Nfor Kintoh Allen, Theodore Armand Tagne Poupi, Ismaylovna Kenesbaeva Periyzat, Joo Moon-Il, Kim Hee-Cheol
Department of Computer Engineering, Inje University, Gimhae 50834, Republic of Korea.
Institute of Digital Anti-Aging Healthcare, Inje University, Gimhae 50834, Republic of Korea.
Nutrients. 2025 Jan 20;17(2):362. doi: 10.3390/nu17020362.
Food image recognition, a crucial step in computational gastronomy, has diverse applications across nutritional platforms. Convolutional neural networks (CNNs) are widely used for this task due to their ability to capture hierarchical features.

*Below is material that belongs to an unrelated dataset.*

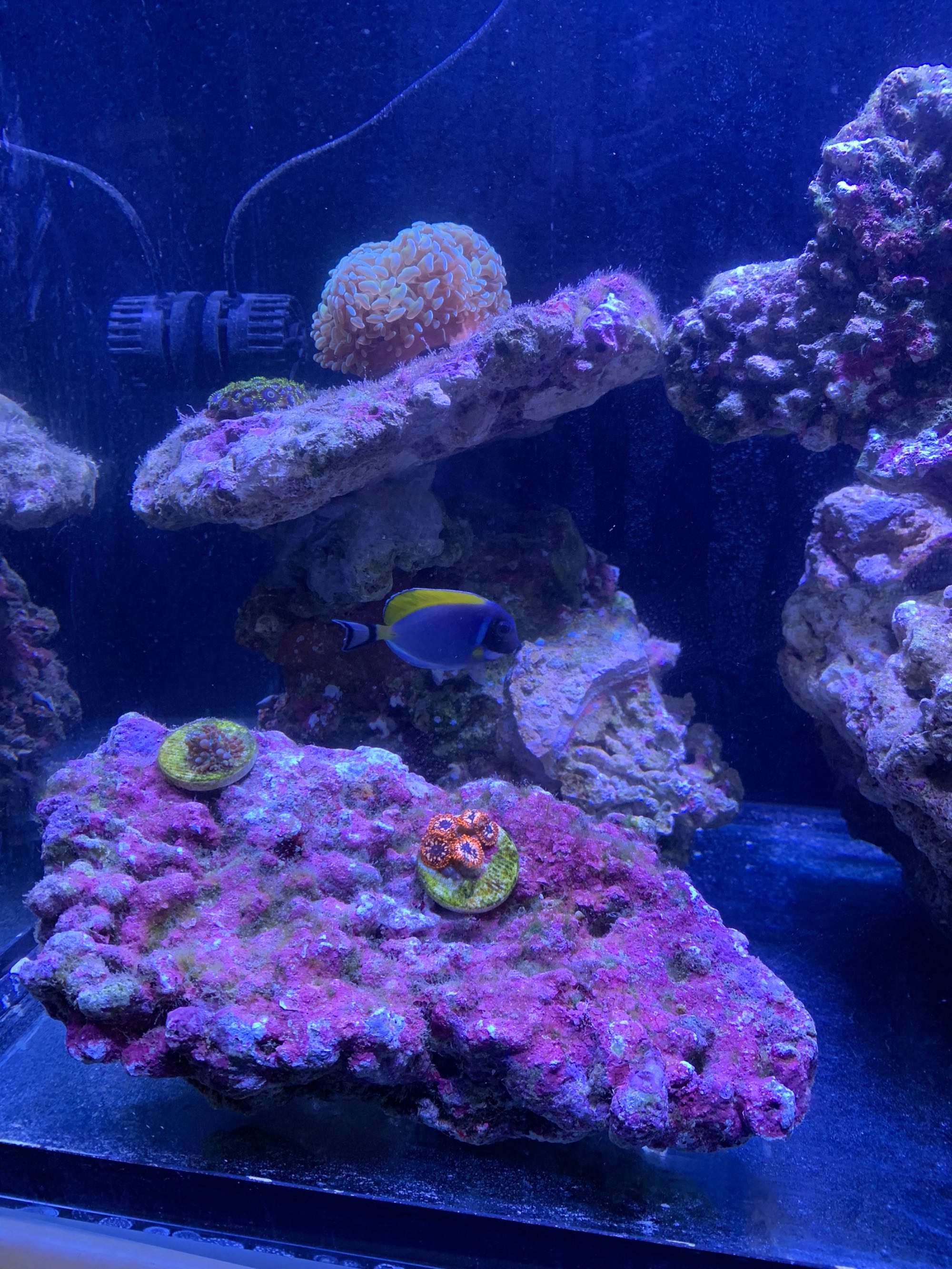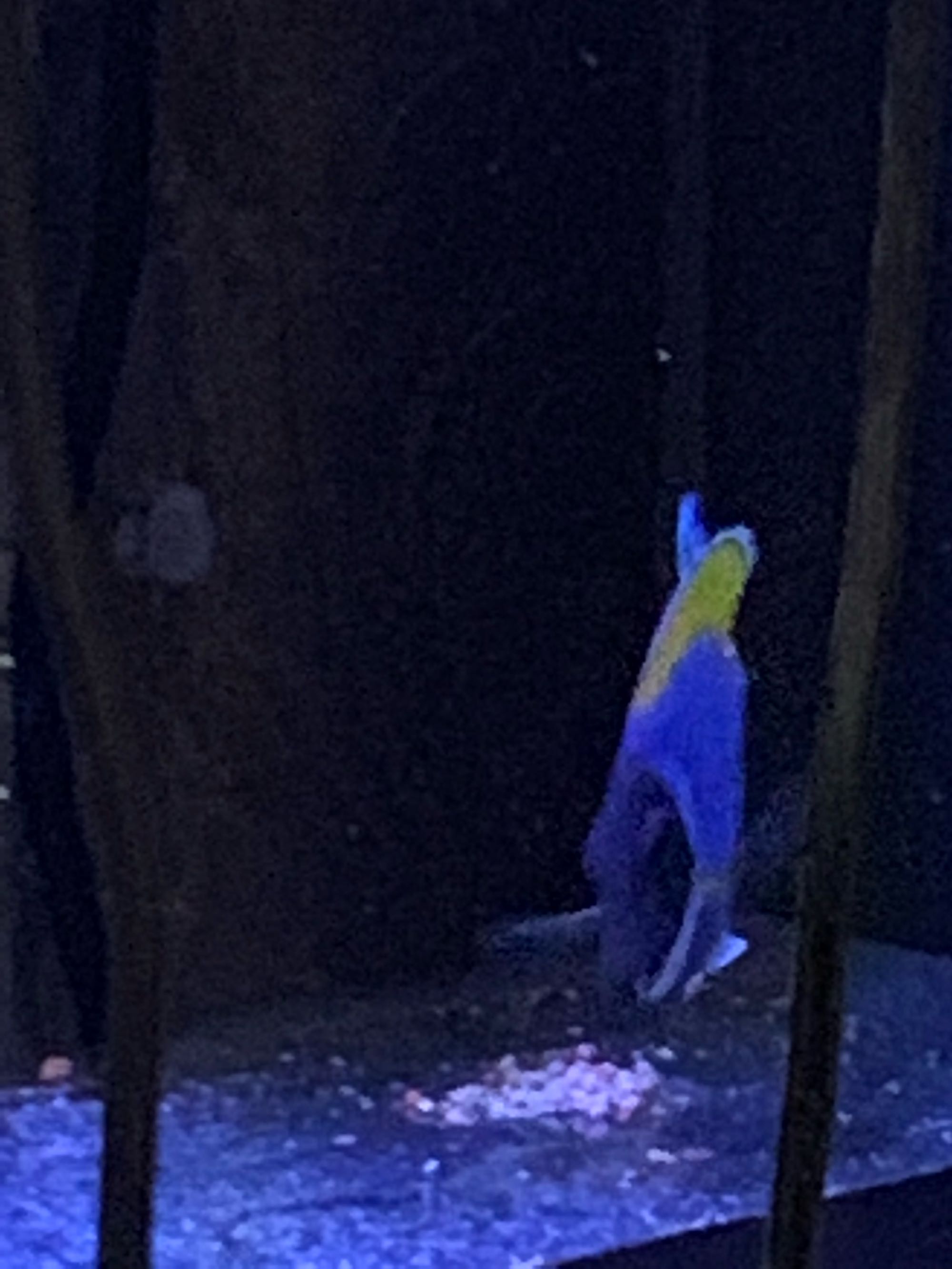 你买的是开口颗粒的,说明健康度不低,进缸有啄石头,本来情况还是可以的,一般新粉蓝进缸,还没适应新环境新水质,前2天肯定是处于或多或少紧张的防御状态,下缸后的几天内应该禁止折腾鱼缸的任何东西,尤其是晚上关灯后

However, they struggle with long-range dependencies and global feature extraction, which are vital in distinguishing visually similar foods or images where the context of the whole dish is crucial, thus necessitating transformer architecture.

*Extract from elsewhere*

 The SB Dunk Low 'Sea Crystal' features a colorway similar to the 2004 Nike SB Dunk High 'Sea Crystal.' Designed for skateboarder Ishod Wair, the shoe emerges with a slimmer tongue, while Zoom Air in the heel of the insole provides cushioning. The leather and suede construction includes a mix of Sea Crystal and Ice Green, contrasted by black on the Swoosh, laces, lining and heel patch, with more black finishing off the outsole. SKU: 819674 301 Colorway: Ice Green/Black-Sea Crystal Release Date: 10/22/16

This research explores the capabilities of the CNNs and transformers to build a robust classification model that can handle both short- and long-range dependencies with global features to accurately classify food images and enhance food image recognition for better nutritional analysis.

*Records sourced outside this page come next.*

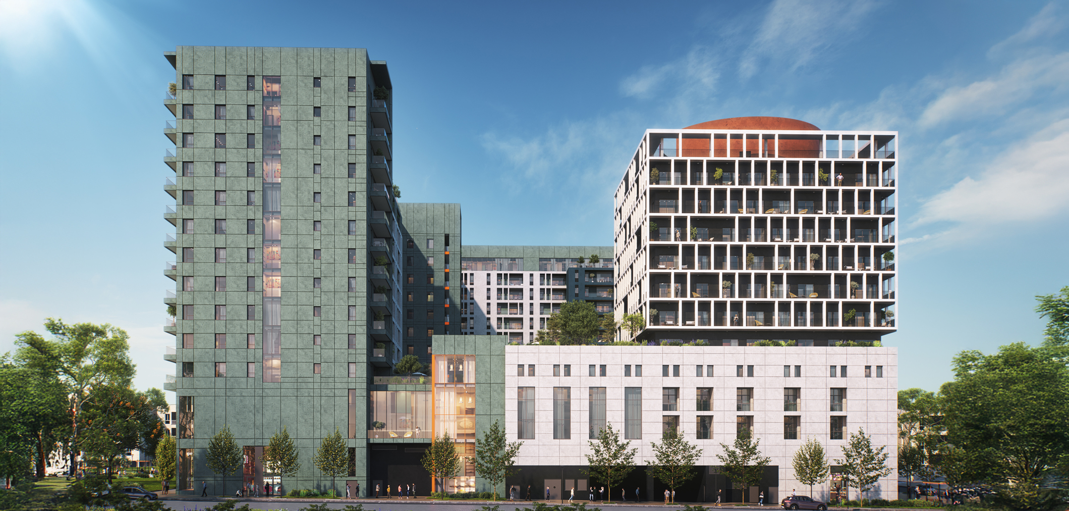 הפתרון היה לפרק את המסה הגדולה למקצבים אדריכליים קטנים ועדינים יותר – סדרה של מאסות ורטיקליות מגוונות, היוצרות מקצב מבנים בקנה מידה שכונתי. כך נוצר איזון בין עוצמה לרגישות, בין פרויקט עירוני בקנה מידה גדול לבין מרקם שכונתי בגובה העין.
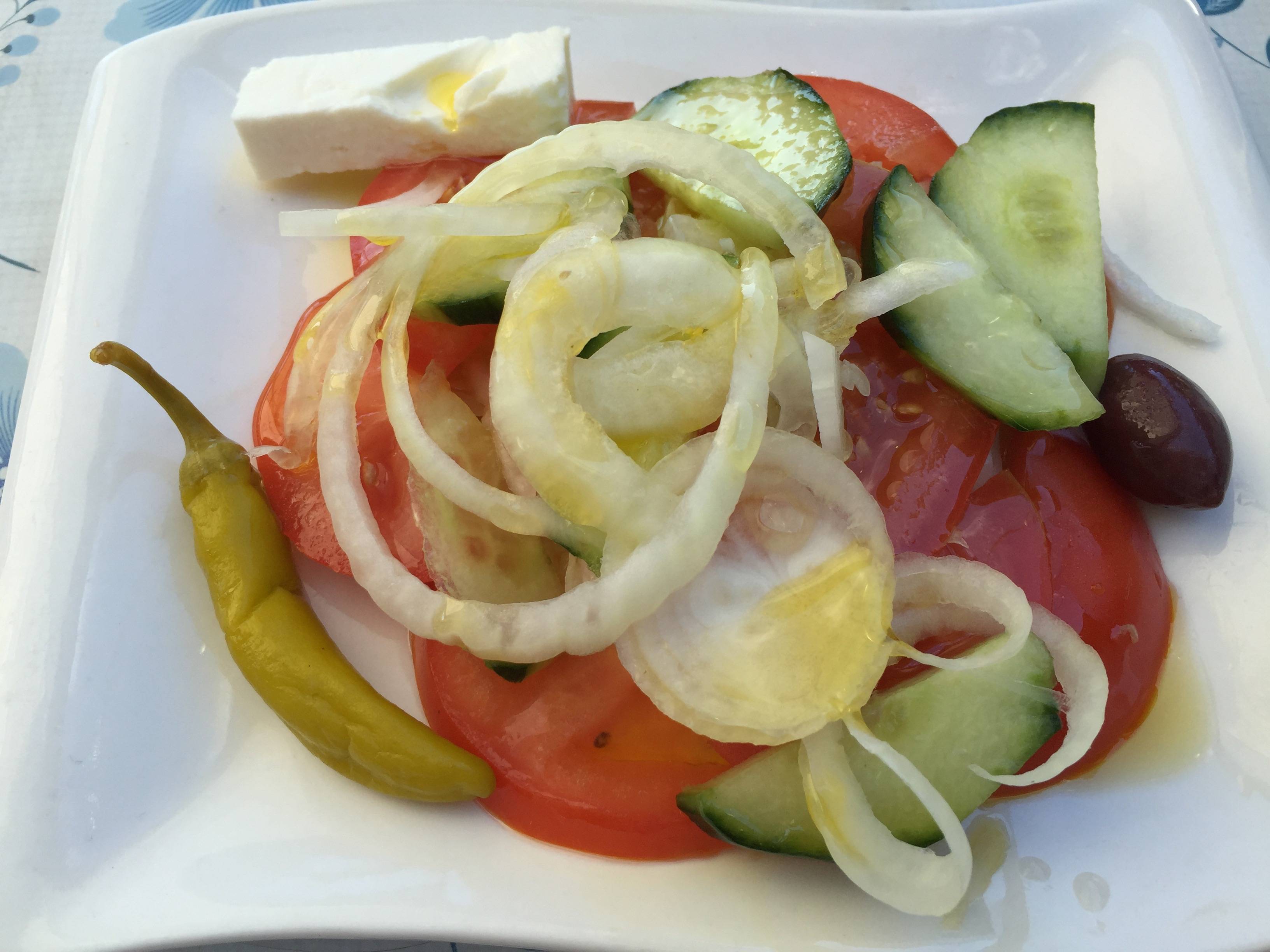 Wanneer we een reisje maken naar Duitsland “testen” we menig Grieks restaurant. Uit eten bij onze oosterburen staat bijna synoniem aan Grieks eten. Of het nu in het Ruhrgebied is, Berlijn, Beieren of het Zwarte Woud, wij vinden wel een Griek op ons pad. Het leuke in Duitsland is dat je vooraf vaak een bordje salade krijgt voorgezet. Je kunt de vitamientjes alvast maar binnen hebben toch?
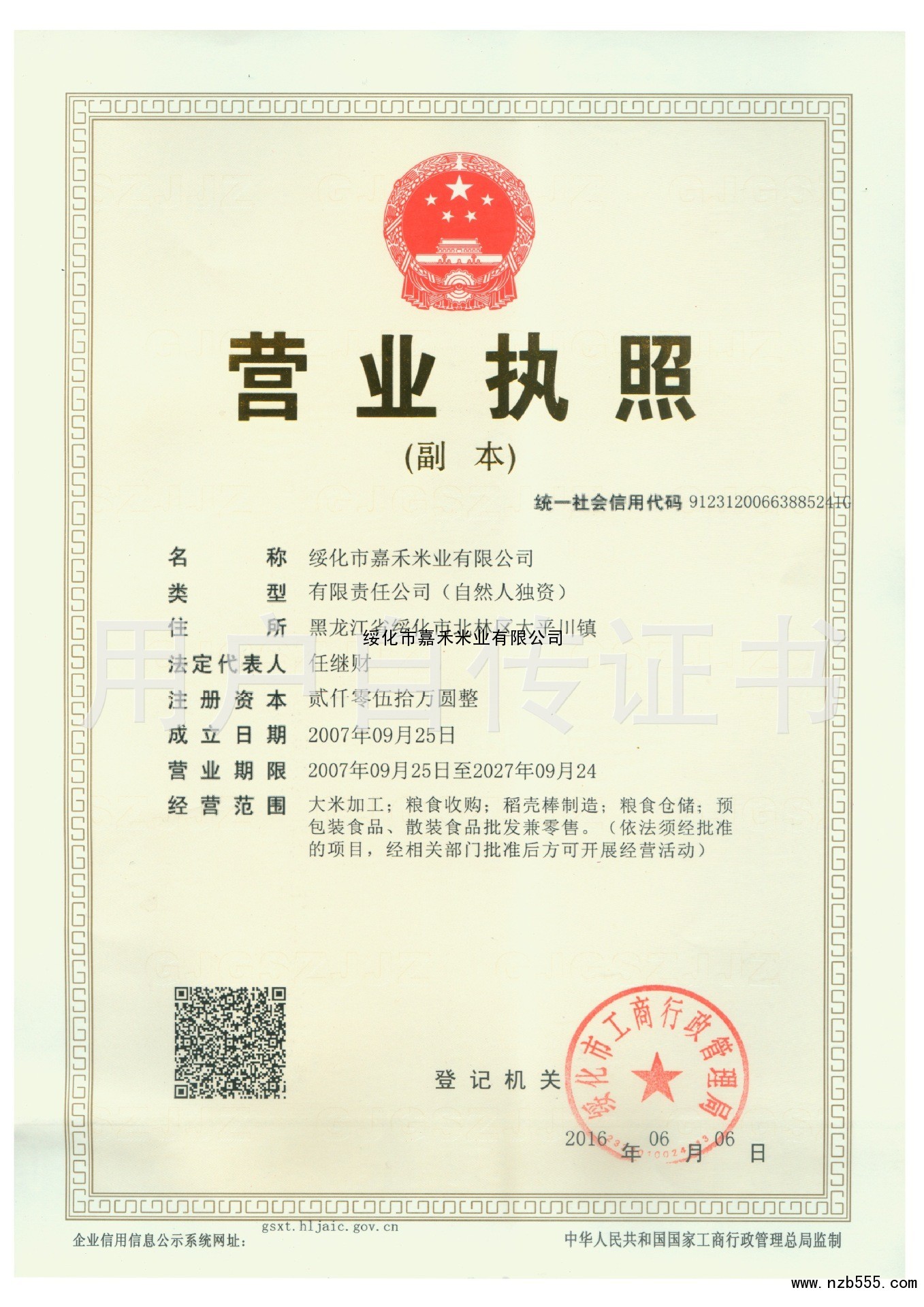 | 發(fā)證機(jī)構(gòu): | 綏化市工商行政管理局 | 發(fā)證時(shí)間 : | 2016-06-06 |
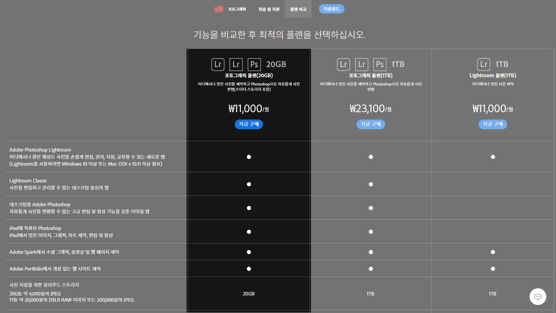 보통은 일반적으로 포토샵을 이용하시는 분들이 대부분이고, 요 근래에는 사진을 이용해서 보정하시는 분들이 많기 때문에 개인적으로는 포토그래퍼 플랜을 추천드리는 바입니다. 가격은 대략 월 11,000원 (부가세 별도)입니다.

Our approach, which combines CNNs and Vision Transformers (ViTs), begins with the RestNet50 backbone model. This model is responsible for local feature extraction from the input image. The resulting feature map is then passed to the ViT encoder block, which handles further global feature extraction and classification using multi-head attention and fully connected layers with pre-trained weights.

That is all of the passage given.